* Your assignment *
Nothing but the lines below from the one holding "We produce the" up to and including the one holding "Habe den Doktor" should be copied, exactly and without pictures.

* Task input *
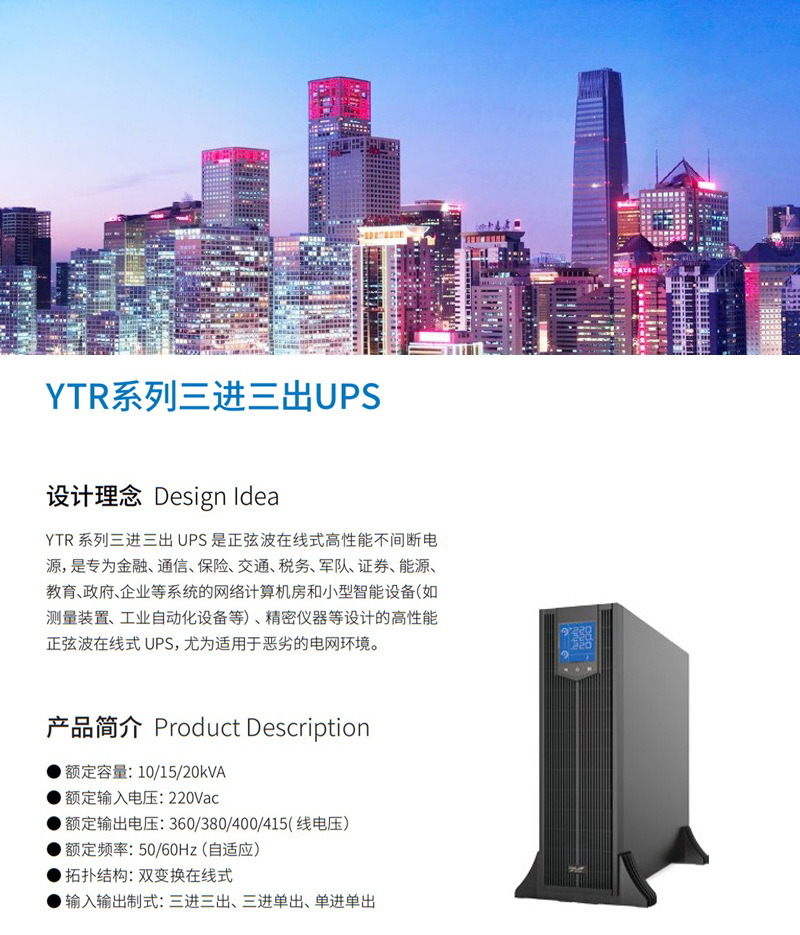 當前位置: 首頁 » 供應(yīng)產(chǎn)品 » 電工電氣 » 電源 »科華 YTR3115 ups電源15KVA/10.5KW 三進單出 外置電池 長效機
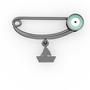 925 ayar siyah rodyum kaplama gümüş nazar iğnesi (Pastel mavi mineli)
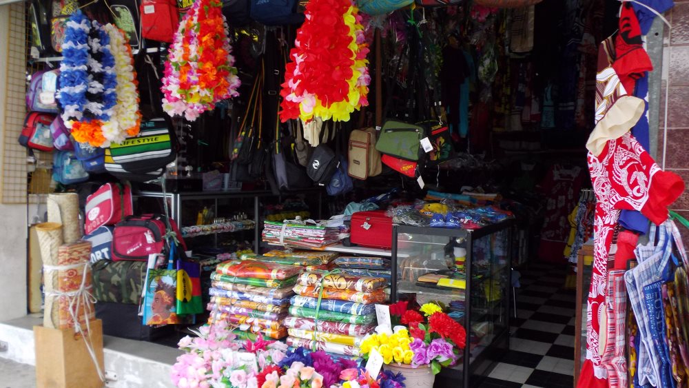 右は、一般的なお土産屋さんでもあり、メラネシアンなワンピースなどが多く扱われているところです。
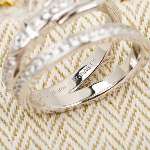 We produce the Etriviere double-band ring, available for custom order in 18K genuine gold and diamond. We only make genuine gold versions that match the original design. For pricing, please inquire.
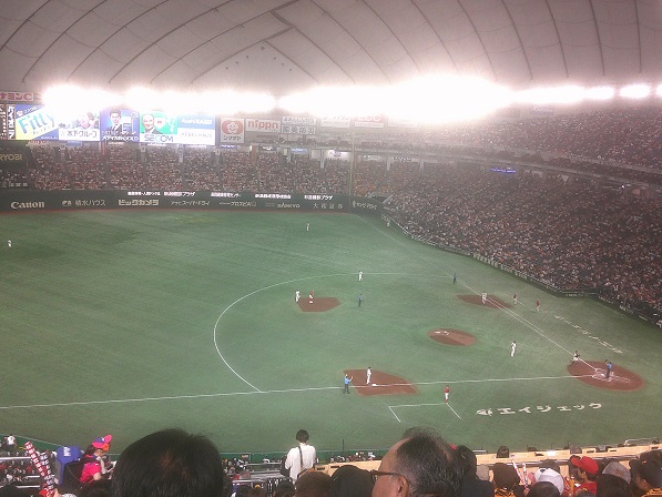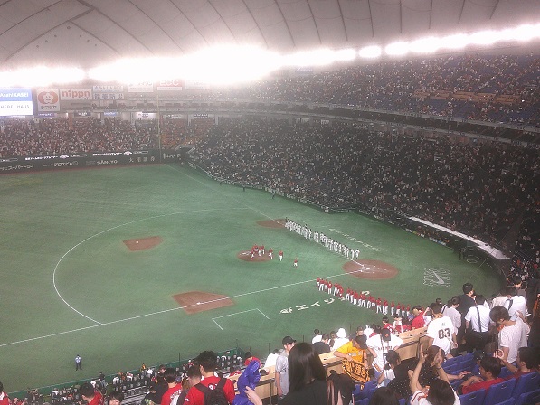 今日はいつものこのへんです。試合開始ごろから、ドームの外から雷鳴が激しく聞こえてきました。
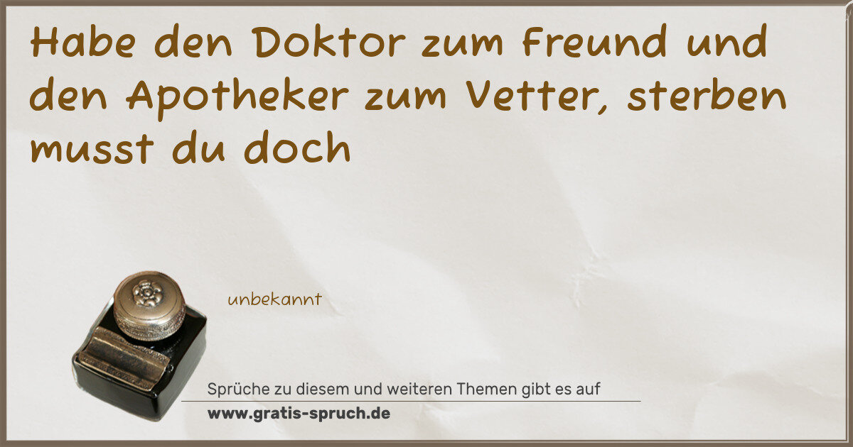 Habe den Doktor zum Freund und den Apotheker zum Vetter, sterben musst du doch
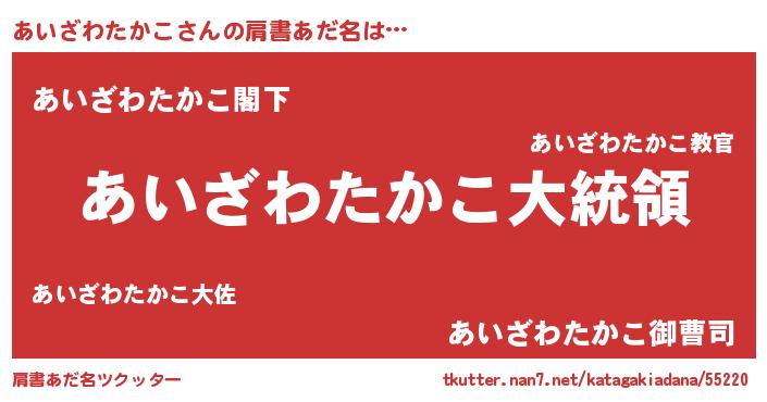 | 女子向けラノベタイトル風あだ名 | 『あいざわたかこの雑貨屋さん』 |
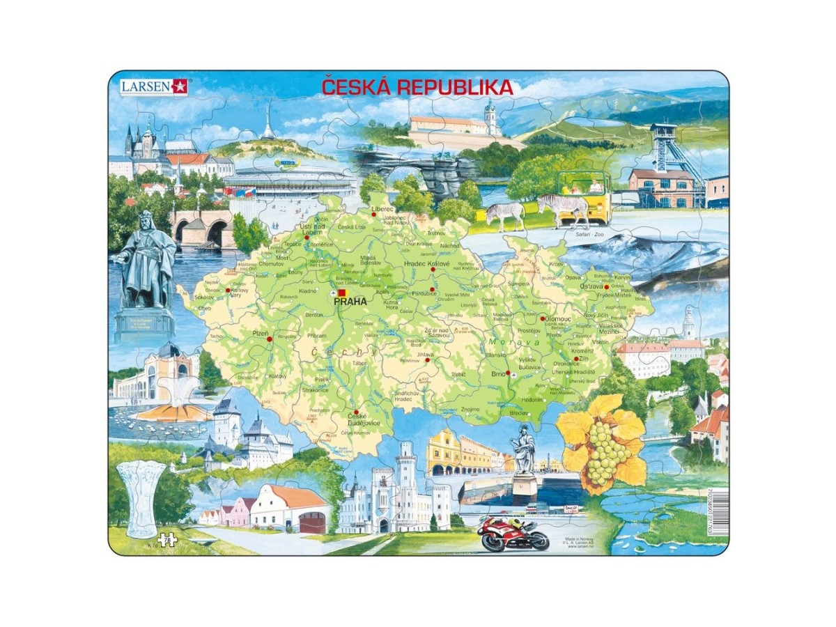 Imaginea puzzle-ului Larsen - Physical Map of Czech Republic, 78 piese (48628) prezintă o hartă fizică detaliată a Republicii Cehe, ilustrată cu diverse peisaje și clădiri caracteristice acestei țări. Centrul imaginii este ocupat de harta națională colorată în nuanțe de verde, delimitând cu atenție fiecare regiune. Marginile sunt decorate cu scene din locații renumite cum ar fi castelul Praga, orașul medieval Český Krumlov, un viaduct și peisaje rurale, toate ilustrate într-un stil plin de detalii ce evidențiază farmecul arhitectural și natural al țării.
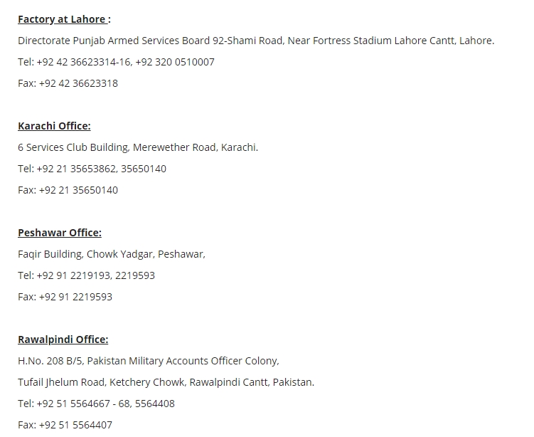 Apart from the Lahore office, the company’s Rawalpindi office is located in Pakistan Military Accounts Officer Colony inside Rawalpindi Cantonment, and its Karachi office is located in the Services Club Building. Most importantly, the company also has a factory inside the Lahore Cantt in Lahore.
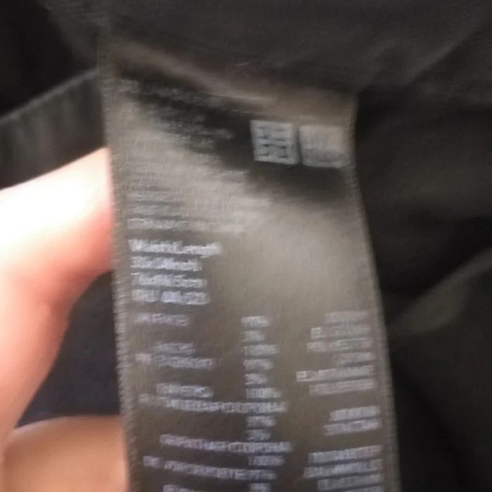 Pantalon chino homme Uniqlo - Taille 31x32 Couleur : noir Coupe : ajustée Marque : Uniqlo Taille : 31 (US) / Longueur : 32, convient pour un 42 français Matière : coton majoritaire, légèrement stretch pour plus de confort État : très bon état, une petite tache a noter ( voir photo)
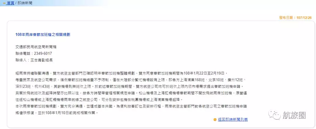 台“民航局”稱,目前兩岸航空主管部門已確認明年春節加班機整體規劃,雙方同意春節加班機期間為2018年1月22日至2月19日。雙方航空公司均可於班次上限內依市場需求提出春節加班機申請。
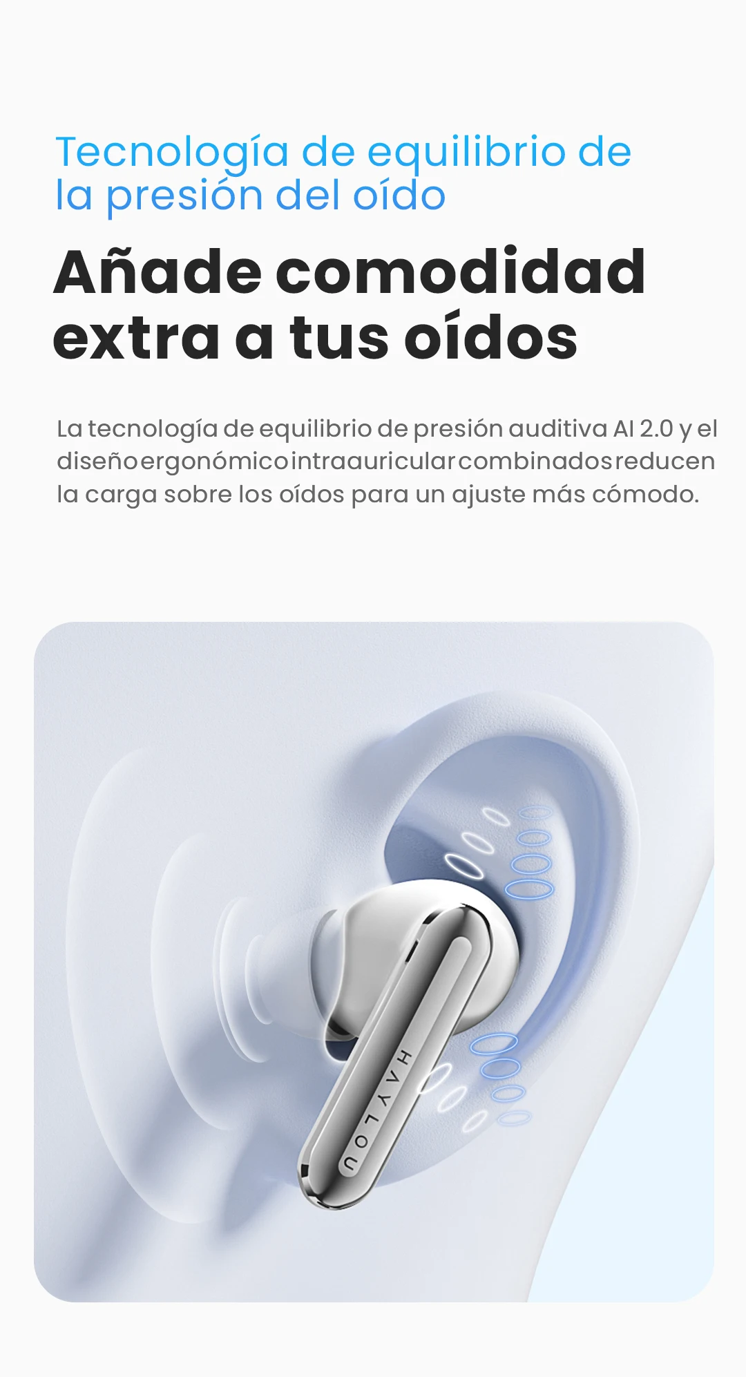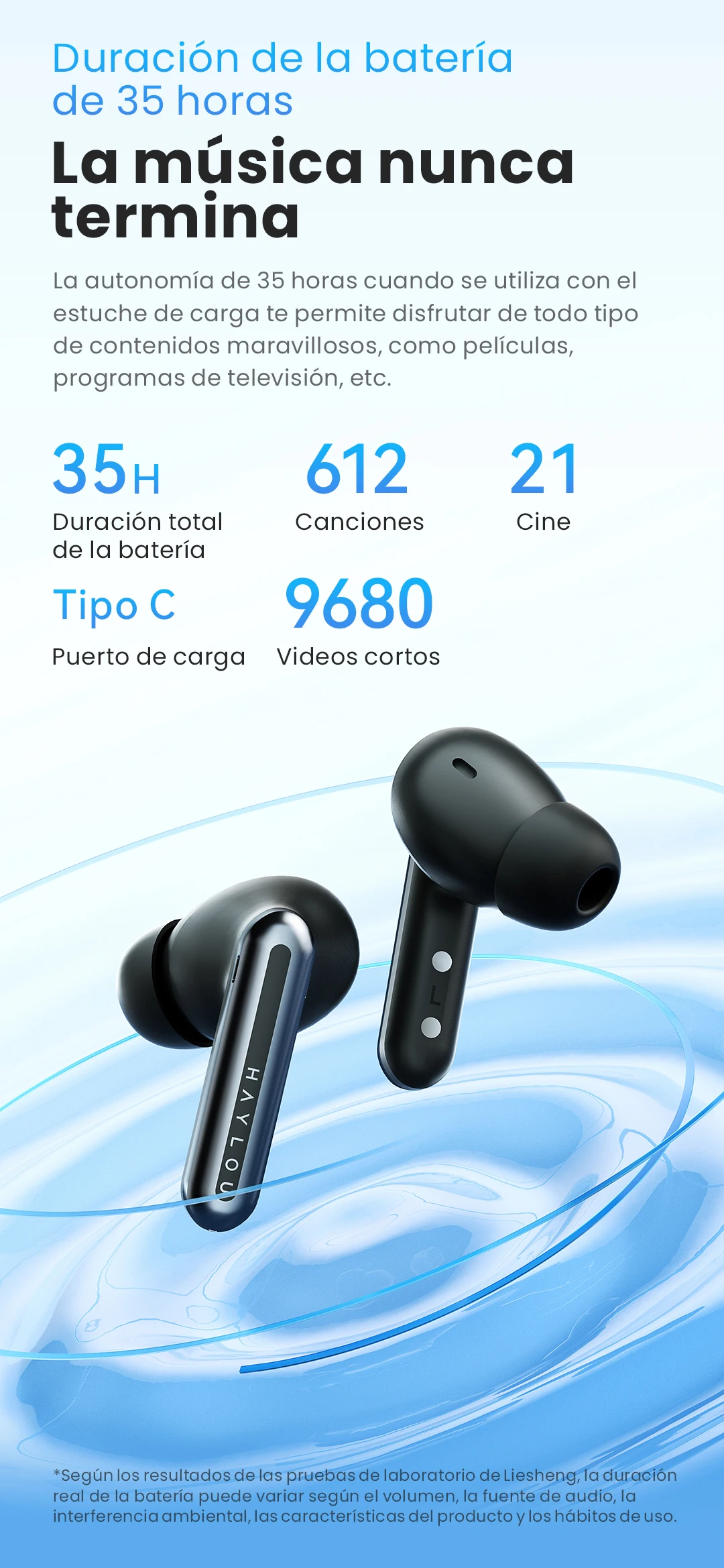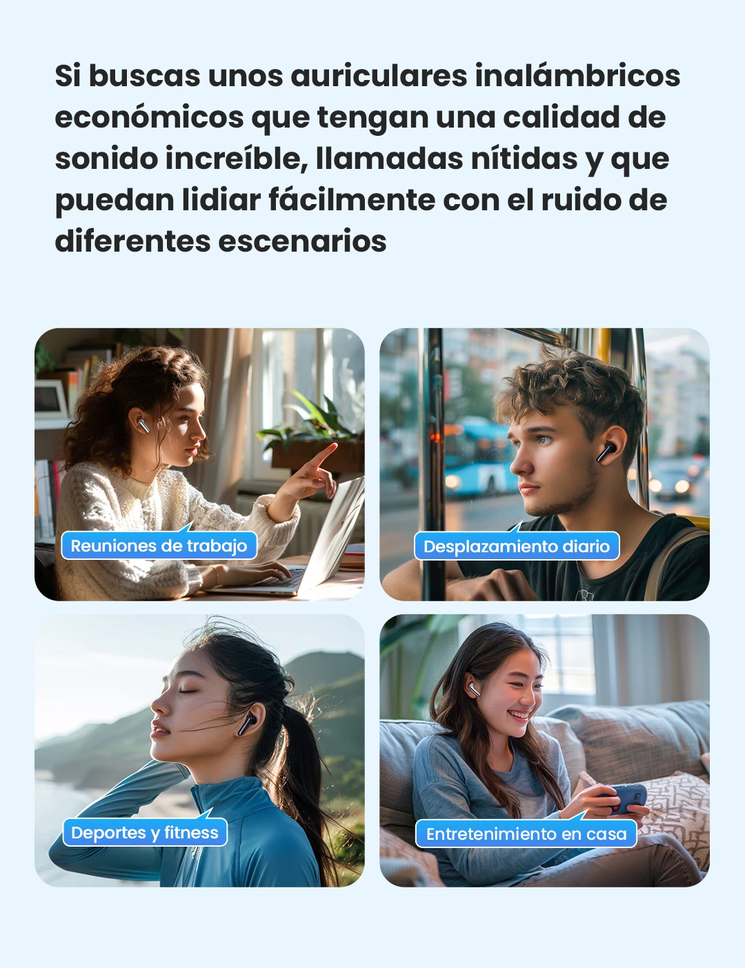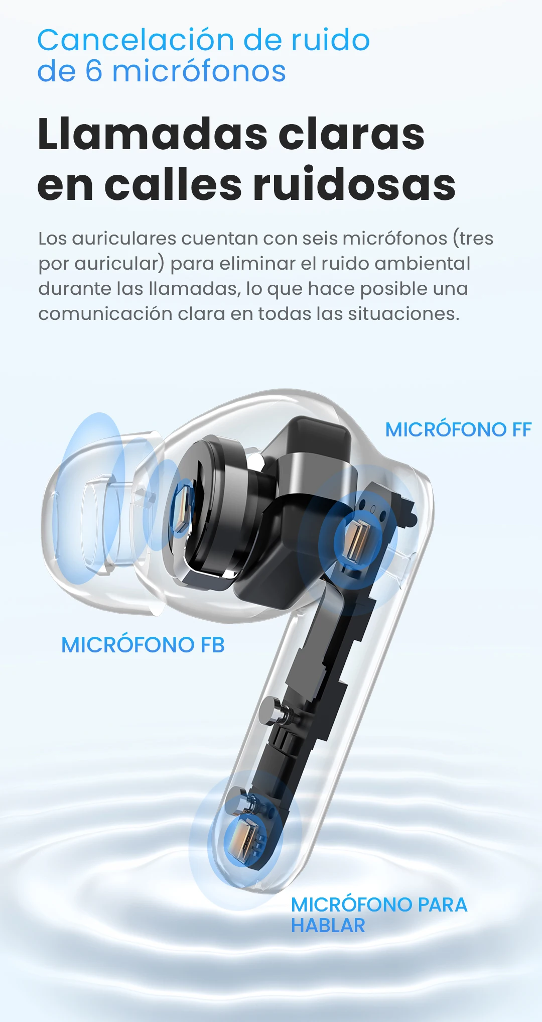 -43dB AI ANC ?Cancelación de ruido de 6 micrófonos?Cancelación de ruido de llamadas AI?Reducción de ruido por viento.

* Solution for this problem *
 We produce the Etriviere double-band ring, available for custom order in 18K genuine gold and diamond. We only make genuine gold versions that match the original design. For pricing, please inquire.
 今日はいつものこのへんです。試合開始ごろから、ドームの外から雷鳴が激しく聞こえてきました。
 Habe den Doktor zum Freund und den Apotheker zum Vetter, sterben musst du doch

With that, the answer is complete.